### DATA FOR REVIEW ###
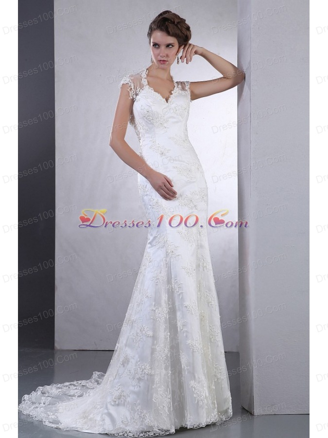 This classic and elegant wedding dress is also modern and stylish. Long lace wedding gown features a V-neckline that is highlighted with the see-through lace shoulder straps and back which is sexy yet elegent. Who can resist the charming of the fablous lace! Fit and charming gown has a fitted bodice that opens to a mermaid skirt with train. You will be the most shining bride of the wedding.
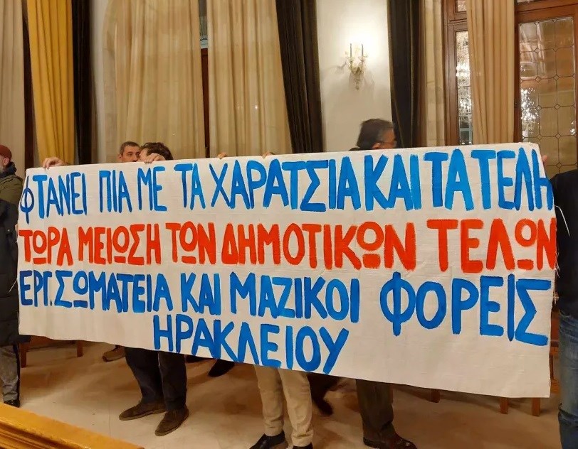 Με αφορμή την κατά πλειοψηφία απόφαση του Δημοτικού Συμβουλίου Ηρακλείου για αύξηση των δημοτικών τελών, η παράταξη της Λαϊκής Συσπείρωσης σε ανακοίνωσή της αναφέρει:
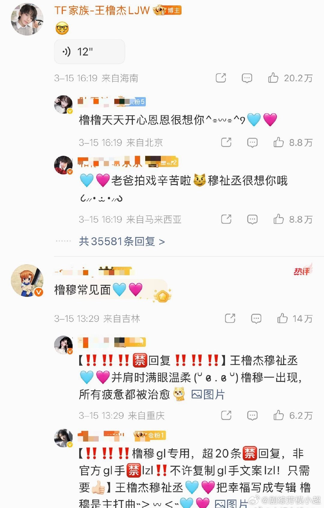 看了下王橹杰微博首页和本人评论回复全是橹穆批,这是楼里cpf最多的一家吧,唯粉比
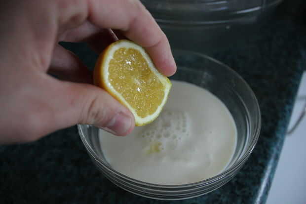 ** Si no tienes suero de leche, puede utilizar una leche con una cucharada de jugo de limón como aquí. También se puede utilizar crema diluido con un poco de agua, o incluso yogur. Desea un producto lácteo para la riqueza y que sea lo suficientemente ácido para activar el bicarbonato de sodio.
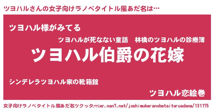 | 男性向けラノベタイトル風あだ名 | 『やはりツヨハルの青春ラブコメはまちがっている 』 |
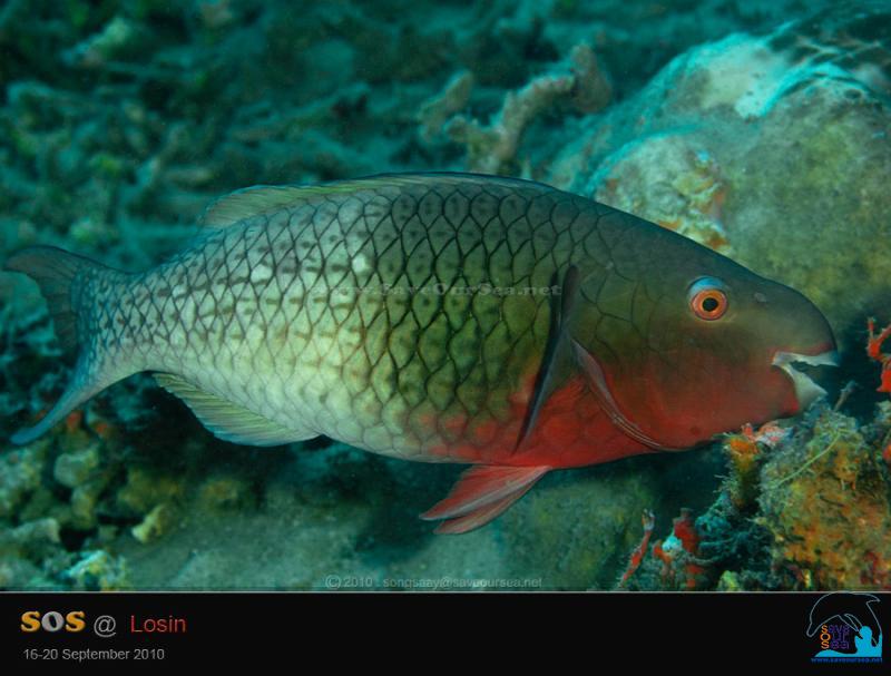 ในหนังสือ เรียกว่า ปลานกแก้วสีเพลิง (Bluebarred Parrotfish) ..... ดูแล้วก็ไม่เห็นจะเป็นสีเพลิงตรงไหนเลยครับ
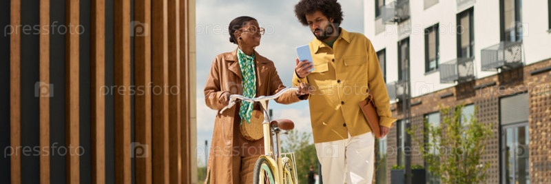 Обсуждение направления на городской улице с помощью планшета и карты
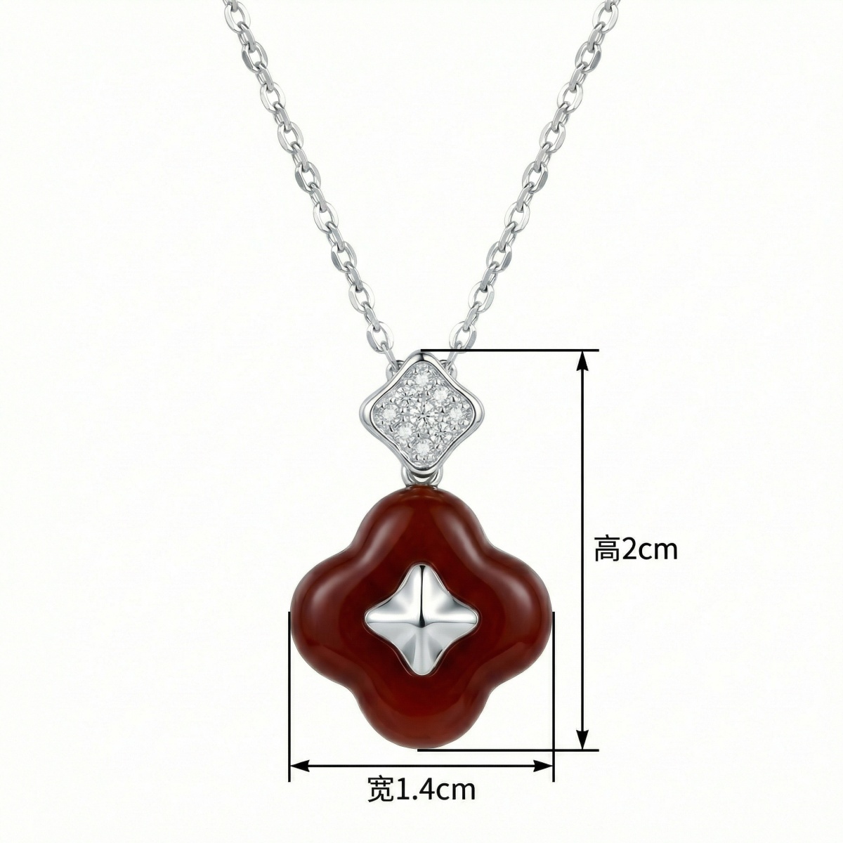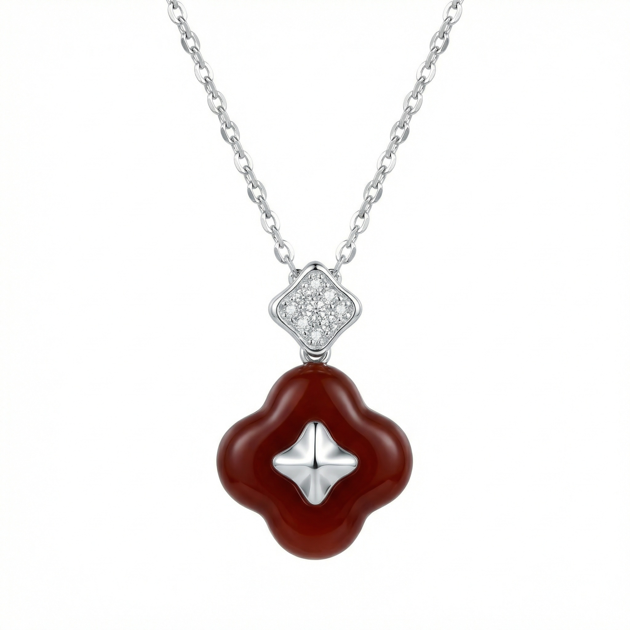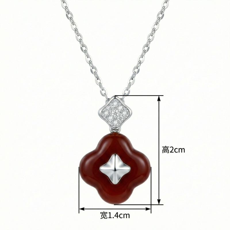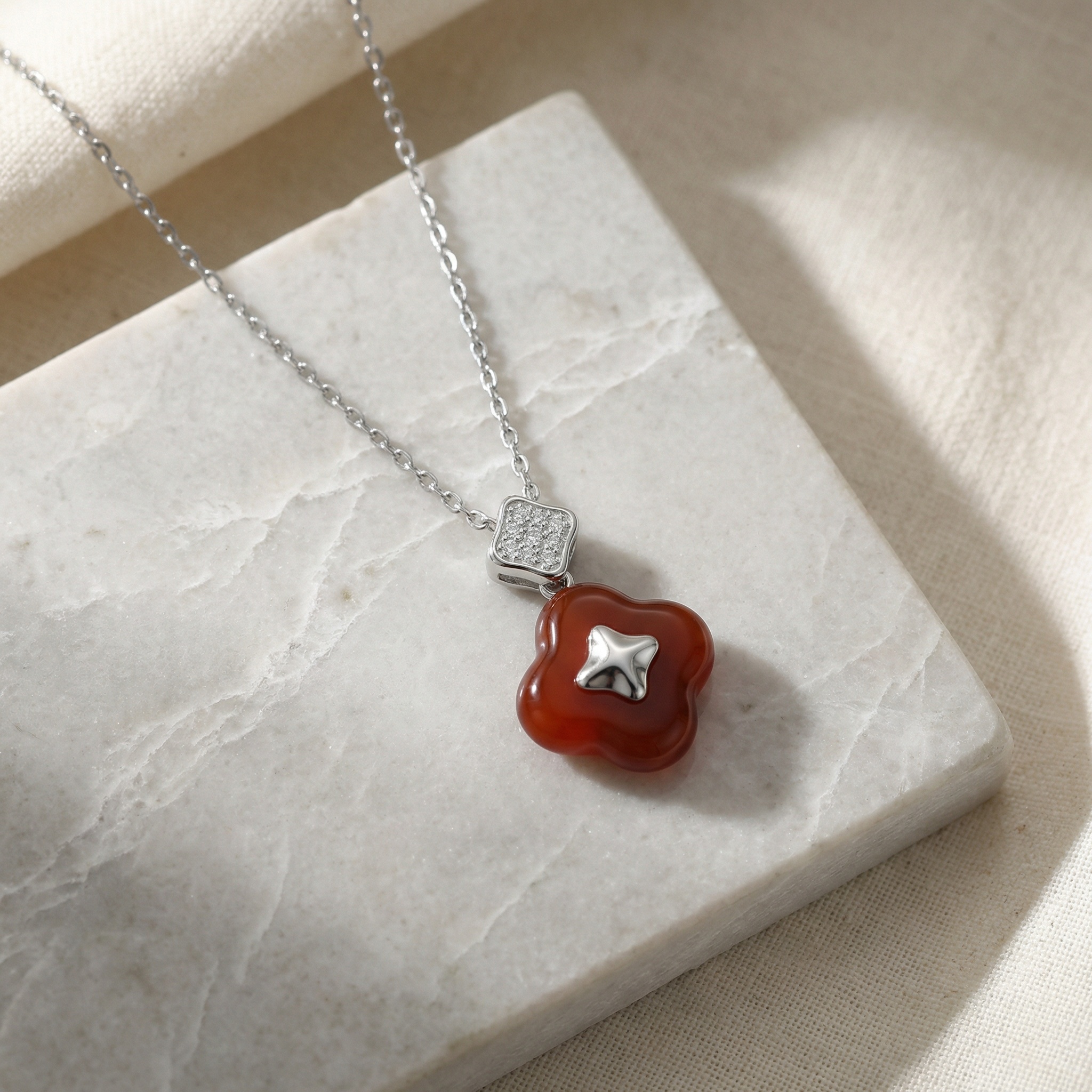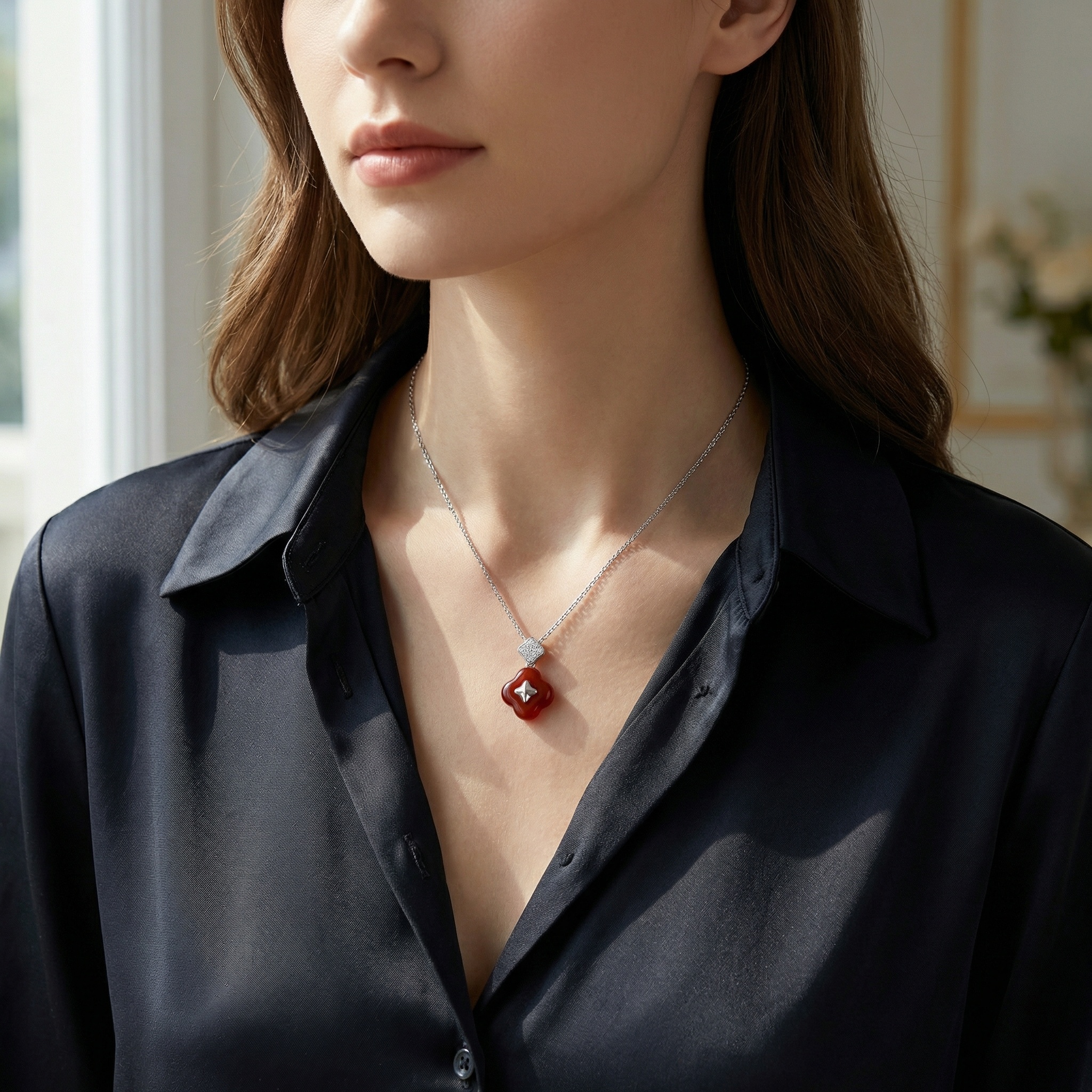 【Delivery Includes】 1 x Necklace featuring Diamond Pavé and Red Carnelian in Quatrefoil Design 1 x Luxury Gift Box 1 x Jewelry Cleaning Cloth 【Care Instructions】 1. When not wearing, gently wipe the necklace with the provided cleaning cloth and store it in the gift box to prevent scratches and oxidation. 2. Avoid contact with chemicals, perfumes, and excessive moisture to maintain the luster and brilliance of the diamonds and carnelian. 3. Remove the necklace before bathing, swimming, or engaging in intense physical activities to ensure longevity and prevent damage. 4. Separate from other jewelry to avoid abrasions and keep gemstones secure. | Brand: jewelryodm
###
TASK STATEMENT:
Transcribe the whole listing exactly. Pictures stay out of your copy.

TASK OUTPUT:
 This classic and elegant wedding dress is also modern and stylish. Long lace wedding gown features a V-neckline that is highlighted with the see-through lace shoulder straps and back which is sexy yet elegent. Who can resist the charming of the fablous lace! Fit and charming gown has a fitted bodice that opens to a mermaid skirt with train. You will be the most shining bride of the wedding.
 Με αφορμή την κατά πλειοψηφία απόφαση του Δημοτικού Συμβουλίου Ηρακλείου για αύξηση των δημοτικών τελών, η παράταξη της Λαϊκής Συσπείρωσης σε ανακοίνωσή της αναφέρει:
 看了下王橹杰微博首页和本人评论回复全是橹穆批,这是楼里cpf最多的一家吧,唯粉比
 ** Si no tienes suero de leche, puede utilizar una leche con una cucharada de jugo de limón como aquí. También se puede utilizar crema diluido con un poco de agua, o incluso yogur. Desea un producto lácteo para la riqueza y que sea lo suficientemente ácido para activar el bicarbonato de sodio.
 | 男性向けラノベタイトル風あだ名 | 『やはりツヨハルの青春ラブコメはまちがっている 』 |
 ในหนังสือ เรียกว่า ปลานกแก้วสีเพลิง (Bluebarred Parrotfish) ..... ดูแล้วก็ไม่เห็นจะเป็นสีเพลิงตรงไหนเลยครับ
 Обсуждение направления на городской улице с помощью планшета и карты
 【Delivery Includes】 1 x Necklace featuring Diamond Pavé and Red Carnelian in Quatrefoil Design 1 x Luxury Gift Box 1 x Jewelry Cleaning Cloth 【Care Instructions】 1. When not wearing, gently wipe the necklace with the provided cleaning cloth and store it in the gift box to prevent scratches and oxidation. 2. Avoid contact with chemicals, perfumes, and excessive moisture to maintain the luster and brilliance of the diamonds and carnelian. 3. Remove the necklace before bathing, swimming, or engaging in intense physical activities to ensure longevity and prevent damage. 4. Separate from other jewelry to avoid abrasions and keep gemstones secure. | Brand: jewelryodm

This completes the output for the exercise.